4). Complete data of iris flowers are clustered and displayed with a scatterplot.

5). Think about what is used in the k-means algorithm?

answer:

1) The k-means clustering process of manual rehearsal for playing cards:> 30 cards, 3 types

Randomly select three centers (8, 3, 2);

 

After the first step, it becomes (9, 4, 2);

 

After the second step, it becomes (10, 6, 2), which has not changed, and the cluster center is (10, 6, 2);

 

2) Write the K-means algorithm independently, cluster with the iris petal length data, and display it with a scatterplot.

 

# -*- coding:utf-8 -*-

from sklearn.datasets import load_iris
import pandas as pd
import numpy as np
import matplotlib.pyplot as plt

# Select the K space data objects as the initial center, each representing a cluster centers; 
DEF initcenter (Data, K):
    m = data.shape [. 1]   # samples the number of attributes 
    Center = []
    temp = 0
    temptemp = 0
    for i in range(k):
        temp = np.random.randint(0, len(data))
        if temp != temptemp:
            center.append(data[temp, :])
            temptemp = temp
         else :
             print ( " repeat " )
            i -= 1
    center = np.array(center)
    return center

def nearest(center, x):
    distance = []
    for j in range(k):
        distance.append(sum((x - center[j,:]) ** 2))
    # print(np.argmin(distance))
    y = np.argmin(distance)
    return y

def xclassify(data, y, center):
    for index,x in enumerate(data):
        y[index] = nearest(center, x)
    return y

def kcmean(data, y, center, k):
    m = data.shape[1]
    center_new = np.zeros([k, m])
    for i in range(k):
        index = y == i
        center_new[i, :] = np.mean(data[index, :], axis=0)
    if np.all(center_new == center):
        return center,False
    else:
        center = center_new
        return center,True

# Initialization; call generated Center 
IF  __name__ == ' __main__ ' :
    data = load_iris().data
    center = initcenter(data,3)
    k = int (input ( " Please enter the number of centroids: " ))
    y = np.zeros(len(data))
    flag = True
    while flag:
          y = xclassify(data, y, center)
          center, flag = kcmean (data, y, center, k)
     print ( " cluster result: " , y)

    for x in range(len(data)):
        plt.scatter(data[x][0], data[x][1], s=30, c='b', marker='.')
    for k in range(len(center)):
        plt.scatter (center [k] [0], center [k] [ 1], s = 60, c = ' r ' , marker = ' D ' )
    plt.show()

operation result:

 Visualization results:

 

3) Use sklearn.cluster.KMeans and iris petal length data for clustering and display with scatter plot

 

# -*- coding:utf-8 -*-

from sklearn.datasets import load_iris
from sklearn.cluster import KMeans
import matplotlib.pyplot as plt
data_iris = load_iris().data

speal_width = data_iris [:, 2 ]
X = speal_width.reshape(-1,1)
X.shape
kmeans_model = KMeans(n_clusters=3)
kmeans_model.fit(X)
kmeans_model.predict([[3.5]])
y_predict = kmeans_model.predict(X)
kmeans_model.cluster_centers_
kmeans_model.labels_
plt.scatter(X[:,0],X[:,0],c=y_predict,s=50,cmap="rainbow")
plt.show()

 Visualization results:

 

4) The complete data of iris flowers are clustered and displayed with a scatterplot.

# -*- coding:utf-8 -*-

from sklearn.datasets import load_iris
from sklearn.cluster import KMeans
import matplotlib.pyplot as plt
data_iris = load_iris().data

kmeans_model = KMeans(n_clusters=3)
kmeans_model.fit(data_iris)
y_predict1 = kmeans_model.predict(data_iris)
kmeans_model.cluster_centers_
kmeans_model.labels_
plt.scatter(data_iris[:,2],data_iris[:,3],c=y_predict1,s=50,cmap="rainbow")
plt.show()

 Visualization results:

 

5) Think about what is used in the k-means algorithm?

1. Document Classifier

  Divide documents into multiple categories based on tags, topics, and document content.
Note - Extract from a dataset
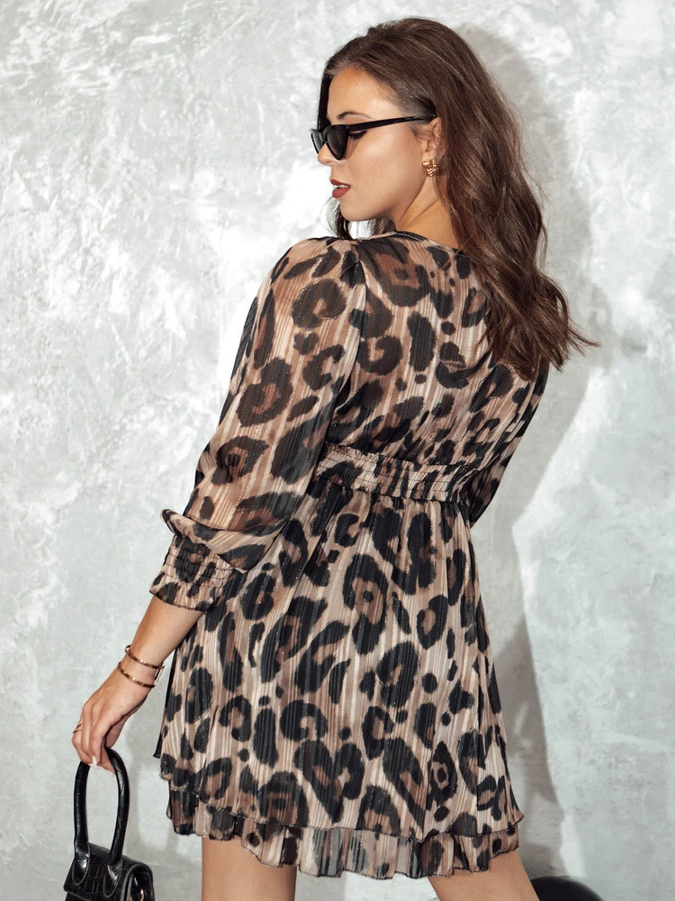 Šaty s leopardím vzorem jsou ideální volbou pro ženy, které ocení styl a trochu divokého charakteru. Lehký, vzdušný materiál, vypasovaný pas a rukávy zakončené jemnou gumičkou vytvářejí jemnou a ženskou kombinaci. Hodí se jak na večerní vycházky, tak na běžné denní stylizace. Jsou ideální volbou pro vyniknutí a dodání sebevědomí.

This is a very standard and classic K-means algorithm classification problem. First of all, it is necessary to initialize the documents, express each document as a vector, and use term frequency to identify common terms for document classification. This step is necessary. Then the document vectors are clustered to identify the similarity in the document group.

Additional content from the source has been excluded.